- _Your task_: Every line that contains "When" must be located and copied from the data.

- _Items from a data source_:
□ □ □ □

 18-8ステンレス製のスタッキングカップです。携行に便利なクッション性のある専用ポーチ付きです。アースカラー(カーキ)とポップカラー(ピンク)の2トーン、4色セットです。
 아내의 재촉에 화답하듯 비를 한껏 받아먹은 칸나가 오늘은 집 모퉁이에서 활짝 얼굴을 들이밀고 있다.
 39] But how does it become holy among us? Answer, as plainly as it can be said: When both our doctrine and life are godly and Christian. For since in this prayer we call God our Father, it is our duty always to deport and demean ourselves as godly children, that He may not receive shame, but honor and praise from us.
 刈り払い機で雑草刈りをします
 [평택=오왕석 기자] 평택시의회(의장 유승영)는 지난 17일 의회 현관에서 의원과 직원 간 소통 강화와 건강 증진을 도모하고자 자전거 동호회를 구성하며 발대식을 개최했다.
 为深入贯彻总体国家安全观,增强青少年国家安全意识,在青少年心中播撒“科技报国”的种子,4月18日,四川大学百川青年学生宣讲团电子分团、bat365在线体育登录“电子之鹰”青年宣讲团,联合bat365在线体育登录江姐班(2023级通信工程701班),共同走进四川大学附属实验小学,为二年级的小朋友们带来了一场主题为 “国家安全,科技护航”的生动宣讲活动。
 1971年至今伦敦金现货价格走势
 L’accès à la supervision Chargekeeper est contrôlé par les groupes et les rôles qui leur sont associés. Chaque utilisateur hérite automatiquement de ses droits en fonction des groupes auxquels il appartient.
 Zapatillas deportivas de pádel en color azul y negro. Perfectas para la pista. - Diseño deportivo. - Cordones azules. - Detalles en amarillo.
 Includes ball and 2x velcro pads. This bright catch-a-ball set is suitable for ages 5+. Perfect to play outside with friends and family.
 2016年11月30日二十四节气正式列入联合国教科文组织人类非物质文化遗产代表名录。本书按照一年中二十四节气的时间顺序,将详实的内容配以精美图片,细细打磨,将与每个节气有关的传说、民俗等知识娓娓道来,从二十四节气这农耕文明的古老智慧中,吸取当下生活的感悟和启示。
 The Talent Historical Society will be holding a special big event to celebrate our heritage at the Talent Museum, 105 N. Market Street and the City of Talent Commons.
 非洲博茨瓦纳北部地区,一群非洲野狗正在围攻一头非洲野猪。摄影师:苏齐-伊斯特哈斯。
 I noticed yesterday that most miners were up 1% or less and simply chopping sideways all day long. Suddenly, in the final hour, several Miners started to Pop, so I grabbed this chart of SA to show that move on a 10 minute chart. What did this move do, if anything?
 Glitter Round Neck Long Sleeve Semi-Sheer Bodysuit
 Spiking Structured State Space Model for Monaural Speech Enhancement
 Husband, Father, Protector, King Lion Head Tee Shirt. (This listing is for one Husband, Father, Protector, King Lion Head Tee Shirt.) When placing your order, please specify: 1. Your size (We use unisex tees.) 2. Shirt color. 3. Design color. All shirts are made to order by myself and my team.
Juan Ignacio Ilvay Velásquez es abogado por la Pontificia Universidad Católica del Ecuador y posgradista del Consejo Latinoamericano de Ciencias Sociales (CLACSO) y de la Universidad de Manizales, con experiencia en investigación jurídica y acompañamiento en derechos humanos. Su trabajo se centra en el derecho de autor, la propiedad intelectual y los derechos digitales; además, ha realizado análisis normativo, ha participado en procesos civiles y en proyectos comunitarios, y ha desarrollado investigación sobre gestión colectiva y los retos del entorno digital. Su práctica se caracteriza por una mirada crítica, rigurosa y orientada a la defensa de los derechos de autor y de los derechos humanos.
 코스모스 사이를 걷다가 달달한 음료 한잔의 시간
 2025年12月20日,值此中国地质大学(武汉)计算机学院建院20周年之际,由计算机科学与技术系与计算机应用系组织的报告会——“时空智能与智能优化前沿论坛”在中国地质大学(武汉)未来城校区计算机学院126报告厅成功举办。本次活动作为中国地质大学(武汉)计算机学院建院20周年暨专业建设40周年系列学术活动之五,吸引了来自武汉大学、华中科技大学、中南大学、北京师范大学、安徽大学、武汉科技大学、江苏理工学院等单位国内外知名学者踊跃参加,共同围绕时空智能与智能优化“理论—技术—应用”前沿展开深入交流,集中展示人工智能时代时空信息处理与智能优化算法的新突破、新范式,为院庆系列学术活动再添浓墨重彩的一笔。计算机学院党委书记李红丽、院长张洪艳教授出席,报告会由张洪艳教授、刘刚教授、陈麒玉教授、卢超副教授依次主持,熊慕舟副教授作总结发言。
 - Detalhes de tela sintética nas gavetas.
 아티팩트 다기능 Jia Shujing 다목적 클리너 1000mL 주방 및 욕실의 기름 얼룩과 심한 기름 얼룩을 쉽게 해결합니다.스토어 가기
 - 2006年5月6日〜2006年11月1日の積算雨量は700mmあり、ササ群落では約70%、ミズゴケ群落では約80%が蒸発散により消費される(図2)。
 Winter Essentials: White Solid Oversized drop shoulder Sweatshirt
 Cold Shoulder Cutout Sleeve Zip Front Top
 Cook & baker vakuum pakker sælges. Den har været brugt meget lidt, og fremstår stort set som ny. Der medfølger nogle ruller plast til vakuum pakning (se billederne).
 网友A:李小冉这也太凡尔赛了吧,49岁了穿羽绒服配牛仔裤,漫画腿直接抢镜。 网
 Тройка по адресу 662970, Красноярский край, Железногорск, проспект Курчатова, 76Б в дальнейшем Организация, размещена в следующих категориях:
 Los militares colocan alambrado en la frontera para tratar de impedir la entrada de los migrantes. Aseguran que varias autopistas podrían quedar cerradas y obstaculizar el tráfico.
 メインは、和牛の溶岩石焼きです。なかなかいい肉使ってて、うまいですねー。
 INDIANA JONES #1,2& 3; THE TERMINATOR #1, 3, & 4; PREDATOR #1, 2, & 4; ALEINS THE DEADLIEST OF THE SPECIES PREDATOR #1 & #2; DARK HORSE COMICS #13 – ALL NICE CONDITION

□ □ □ □

- _Exercise output_:
 39] But how does it become holy among us? Answer, as plainly as it can be said: When both our doctrine and life are godly and Christian. For since in this prayer we call God our Father, it is our duty always to deport and demean ourselves as godly children, that He may not receive shame, but honor and praise from us.
 Husband, Father, Protector, King Lion Head Tee Shirt. (This listing is for one Husband, Father, Protector, King Lion Head Tee Shirt.) When placing your order, please specify: 1. Your size (We use unisex tees.) 2. Shirt color. 3. Design color. All shirts are made to order by myself and my team.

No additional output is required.